恋蛍~君の見ている風景~【恋蛍 side story】
「なんで笑うの」


「だってお前、分かりやす過ぎ」


「……え?」


「泣けばいいのに」


そう言って、榎本さんはもう一度あたしの頭をぽんと弾いて、テーブルに戻り作業を再開させた。


白いラベンダー畑の写真を見つめるフリをして、実は必死に涙をこらえるあたしの背後で。

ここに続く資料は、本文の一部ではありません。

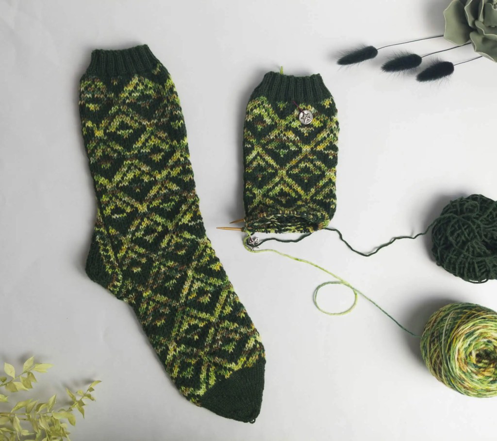 Nun wächst auch der zweite Socken munter vor sich hin. Der Schaft ist schon so gut wie fertig. Aktuell bin ich bei den Zunahmen für die Ferse. Und wieder einmal habe ich das Gefühl, dass das Stricken beim Fair Isle-Stricken einfach viel schneller voran geht. Und das obwohl man ja dabei zählen und aufs Muster achten muss und zwischendrin seine Zeilenmarker weiter schieben muss. Ich glaube, das aufwendigere Strickmuster bietet grad genug Ablenkung und Zerstreuung für mein Hirn.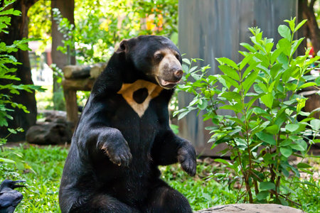 Helarctos malayanus waiting for its food in the zoo / Malayan sun bear standing and relax in the summer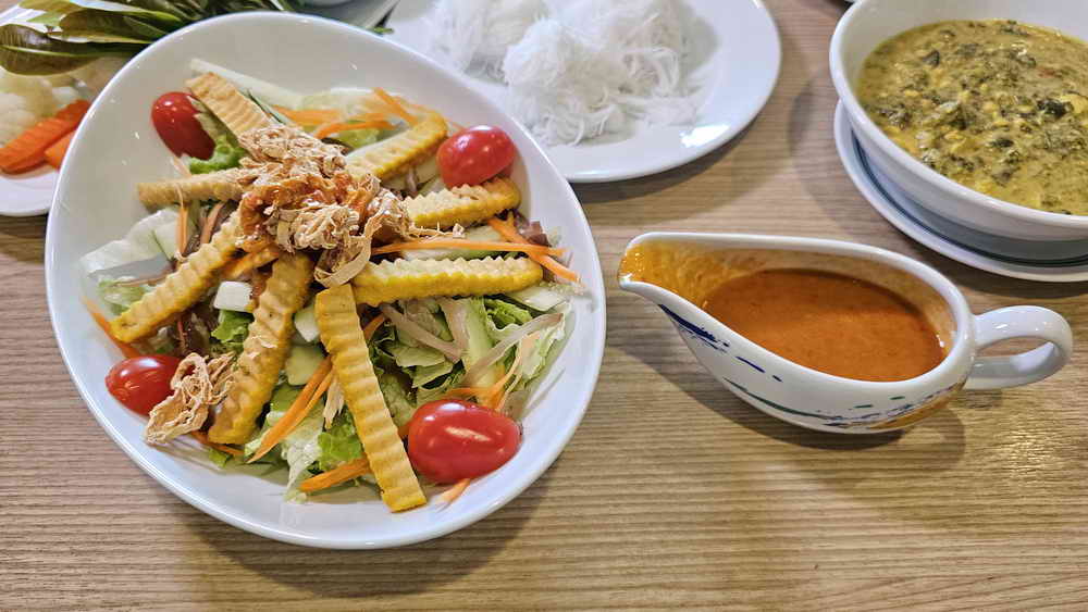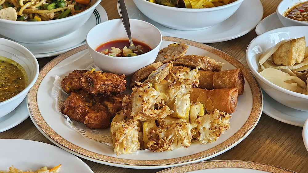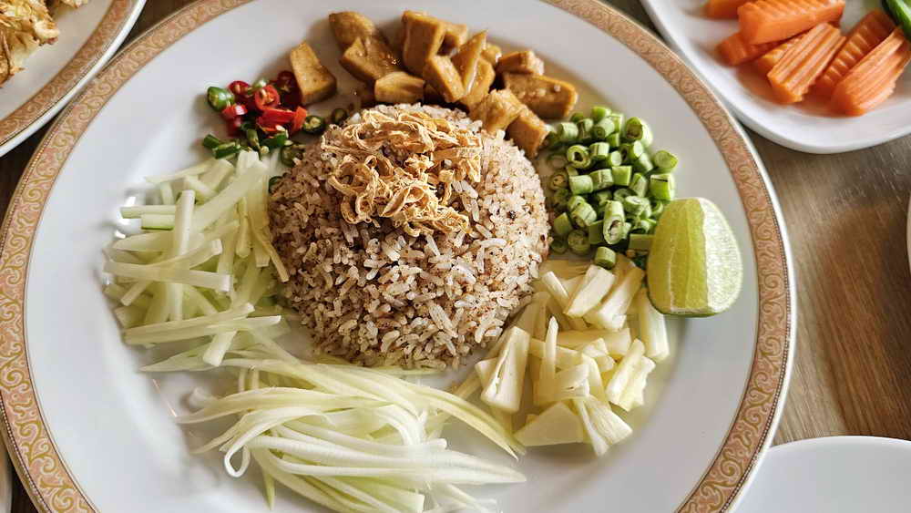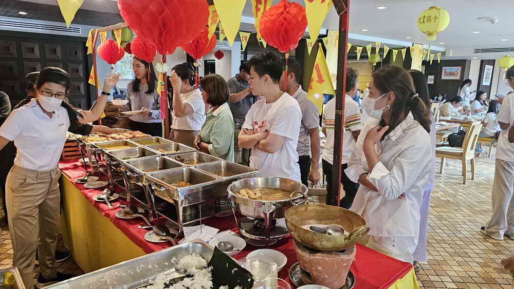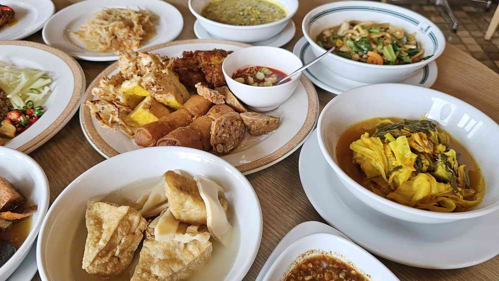 กับเมนูกับข้าวให้เลือกตามใจชอบ อาทิ หมูฮ้องเจ, อาจาด, ยำใหญ่เจ, แกงส้มผักรวม, ปลาทอดเครื่องเจ, รวมทอดเจ, หมี่หุ้นแกงปูเจ, แกงกะหรี่หมั่นโถวเจ, น้ำพริกกะปิเจ เป็นต้น ซึ่งจะมีการสลับสับเปลี่ยนเมนุกันทุกวัน เปิดให้บริการ ตั้งแต่ 11.00-21.00 น.

榎本さんはあたしに何も聞いて来なかったし、ずっと作業に没頭していた。


ズカズカと人の心に土足で踏み込もうとしない彼の優しさが、あたしには心地よかった。


そのつかず離れずの距離感を作ってくれた彼の温かさが、ありがたかった。


世の中にはこういう形の優しさもあるのだと、初めて知った。











その後、榎本さんが近くのスーパーで色々と買い込んで来た食材で昼食を作った。


久し振りに和食が食べたくて仕方ないと言ったので、ご飯を炊き、お味噌汁を作り、定番の出汁巻き卵と肉じゃがを作った。


「うまい! 何これ!」


2年振りの和食だと言って、榎本さんは笑み崩れた。


「何って、ただの肉じゃがですけど」


「陽妃、お前、天才だな」


もともと料理は得意じゃないだけに、誉められるとくすぐったくて仕方なかった。


「……大袈裟です」


「いやー、これでもっとこうグラマラスな体ならなお最高なんだけ――」


「最低!」


そして、シャワーを借りて、服が乾いた頃にはもう夕方になっていた。